Я свернул к супермаркету, и Энджи вышла купить себе сигарет. Вернулась она с двумя экземплярами «Ньюс» и один вручила мне.

Таким образом, я смог убедиться, что уже второе поколение Кензи до известной степени обрело бессмертие — мой нетленный, хотя и черно-белый образ, запечатленный 30 июня, будет заморожен на вечные времена и доступен моим далеким потомкам на микрофильме.
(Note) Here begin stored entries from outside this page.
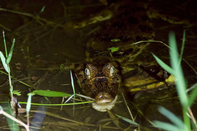 In this picture, a young spectacled caiman stands face to face with the viewer. Its head protrudes just above the water, so all attention goes to its eyes. The gaze is direct and inquisitive, without threat. It is precisely this proximity that makes the picture strong: small in size, but fully present.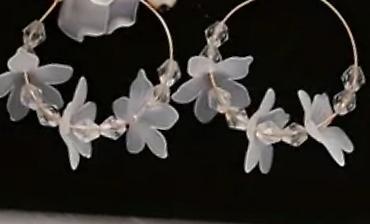 Серьги-кольца с цветами и прозрачными кристаллами.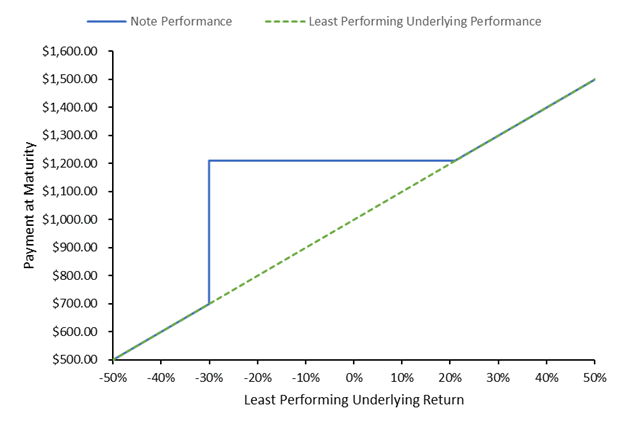 ●If the closing level of the Least Performing Index decreases 5.00%, investors will receive at maturity a return equal to 21.10%, or $1,211.00 per $1,000 principal amount note.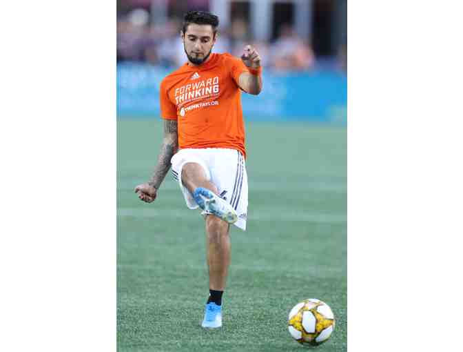 You are bidding on a Concussion Awareness Night training top worn and autographed by Diego Fagundez. This orange top features the logos of both Forward Thinking and ThinkTaylor, which is symbolic of the partnership between the Revolution and ThinkTaylor.

Я сам себе уже не принадлежу в этот миг, я обезличен, хотя, казалось, ничего не может быть более личного — я же помню, как сидел на корточках над Синей Бейсболкой, а за спиной у меня лежало распростертое тело Дженны, в ушах звенело и мозги тщетно пытались стать на место в черепной коробке. Сотни тысяч людей, не имеющих обо мне понятия, уже проглотили эту информацию вместе с завтраком. Напряженнейший момент моей жизни, миг наивысшей, быть может, интенсивности бытия будет всего лишь принят к сведению девицей из бара в Саути или двумя биржевыми брокерами, поднимающимися в лифте в каком-нибудь небоскребе. Действует ненавистный мне Принцип Глобальной Деревни.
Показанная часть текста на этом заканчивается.